## DATA EXTRACT
┌────────

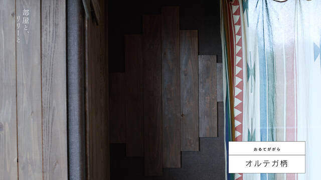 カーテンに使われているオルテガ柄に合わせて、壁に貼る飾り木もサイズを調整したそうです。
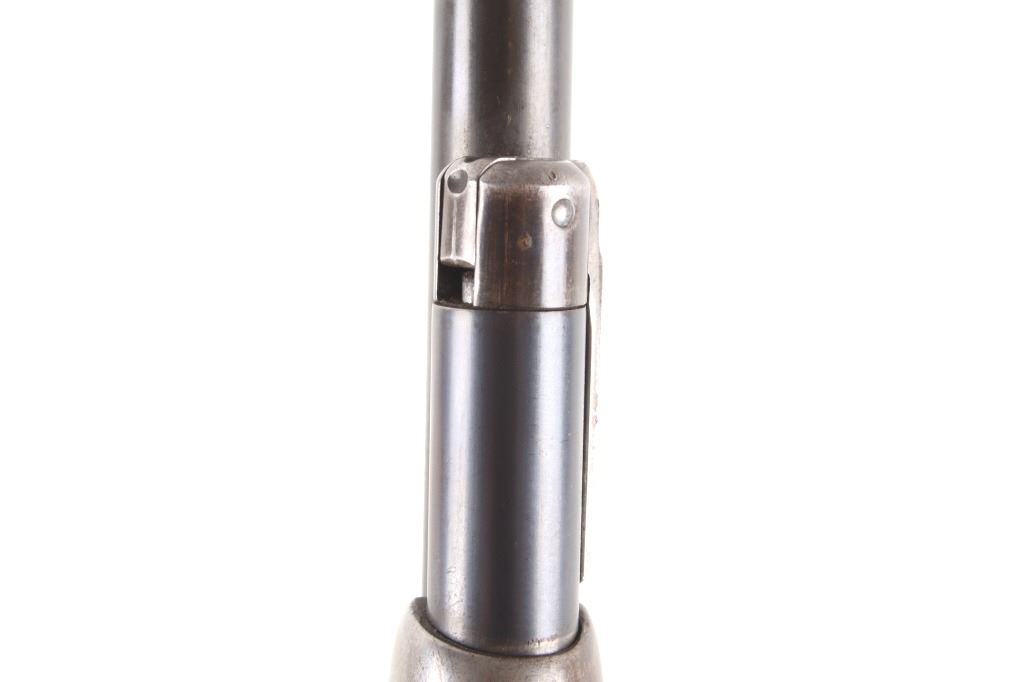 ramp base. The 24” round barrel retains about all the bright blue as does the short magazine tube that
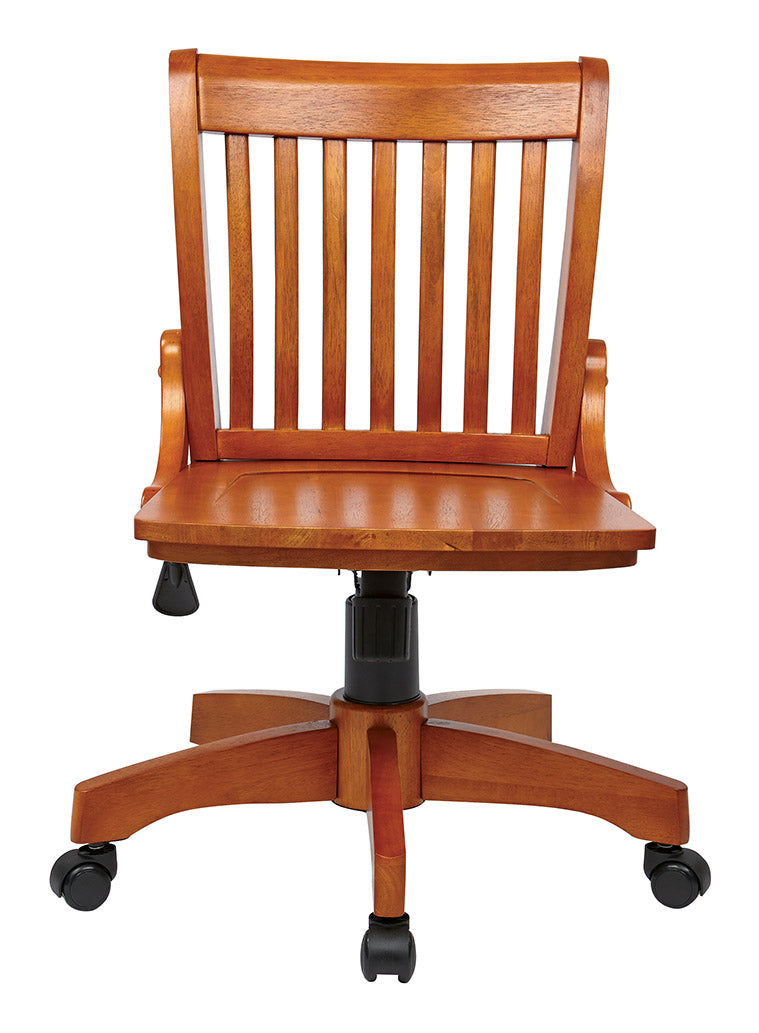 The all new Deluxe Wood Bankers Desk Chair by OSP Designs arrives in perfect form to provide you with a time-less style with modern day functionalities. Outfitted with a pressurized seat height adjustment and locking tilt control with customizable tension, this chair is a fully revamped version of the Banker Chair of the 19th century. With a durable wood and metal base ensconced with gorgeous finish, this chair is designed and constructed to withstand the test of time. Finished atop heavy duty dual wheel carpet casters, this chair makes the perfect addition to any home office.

└────────

## TASK
Each line above is to be copied verbatim. Drop any image from the copy.

## PROBLEM SOLUTION
 カーテンに使われているオルテガ柄に合わせて、壁に貼る飾り木もサイズを調整したそうです。
 ramp base. The 24” round barrel retains about all the bright blue as does the short magazine tube that
 The all new Deluxe Wood Bankers Desk Chair by OSP Designs arrives in perfect form to provide you with a time-less style with modern day functionalities. Outfitted with a pressurized seat height adjustment and locking tilt control with customizable tension, this chair is a fully revamped version of the Banker Chair of the 19th century. With a durable wood and metal base ensconced with gorgeous finish, this chair is designed and constructed to withstand the test of time. Finished atop heavy duty dual wheel carpet casters, this chair makes the perfect addition to any home office.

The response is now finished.